Dr. Moll. The Retention Agreement with Frederic H. Moll, M.D., the Company's
Chief Executive Officer, modifies the severance pay provisions in his employment
agreement dated October 21, 2002. If Dr. Moll is terminated without cause or
resigns for good reason, 100% of Dr. Moll's unvested stock options, restricted
shares and other equity awards will vest and the Company will pay a lump sum
amount equal to his then-current annual base salary. In addition, the Company
will provide COBRA benefits for Dr. Moll and his dependents for 12 months or
until he is covered by a subsequent employer's health plan, if he is reemployed
within 12 months. Instead of providing continuing life insurance and disability
benefits, the Company will pay Dr. Moll a lump sum of $1,485. The benefits will
be paid on the date the required general release of claims becomes effective.
Mr. Restani. The Retention Agreement with Gary C. Restani, the Company's
President and Chief Operating Officer, modifies the retention benefit provisions
in his Vesting Acceleration and Severance Agreement dated November 4, 2006. In
the event that Mr. Restani's employment is terminated without cause prior to a
change in control or more than 12 months after a change in control, the Company
will make severance payments equal to 12 months of his then-current base salary.
The payments will continue for 12 months according to normal payroll practices
or until Mr. Restani finds new employment, whichever comes first. In addition,
the Company will provide COBRA benefits for Mr. Restani and his dependents for
12 months or until he is covered by a subsequent employer's health plan,
whichever comes first. Instead of providing life insurance and disability
benefits, the Company will pay Mr. Restani a lump sum of $1,485.

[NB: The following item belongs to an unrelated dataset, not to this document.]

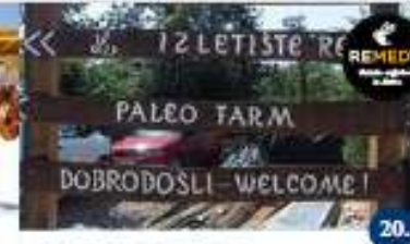
REMEDY IZLETISTE I PALEO FARMA Obilazak farme, kuhanje vlastitih proizvoda Visita della fattoria, degustazione di prodotti propri

In the event that Mr. Restani is terminated without cause within 12 months after
a change in control or resigns for good reason within 12 months after a change
in control, 100% of his unvested options shares, restricted shares and other
restricted equity awards will vest and the Company will pay a lump sum severance
amount equal to 12 months of his then-current base salary. The Company will also
pay COBRA benefits for Mr. Restani and his dependents in the manner described
above. Instead of providing life insurance and disability benefits, the Company
will pay Mr. Restani a lump sum of $1,485. In order to receive severance
benefits under his agreement, Mr. Restani must sign a general release of claims.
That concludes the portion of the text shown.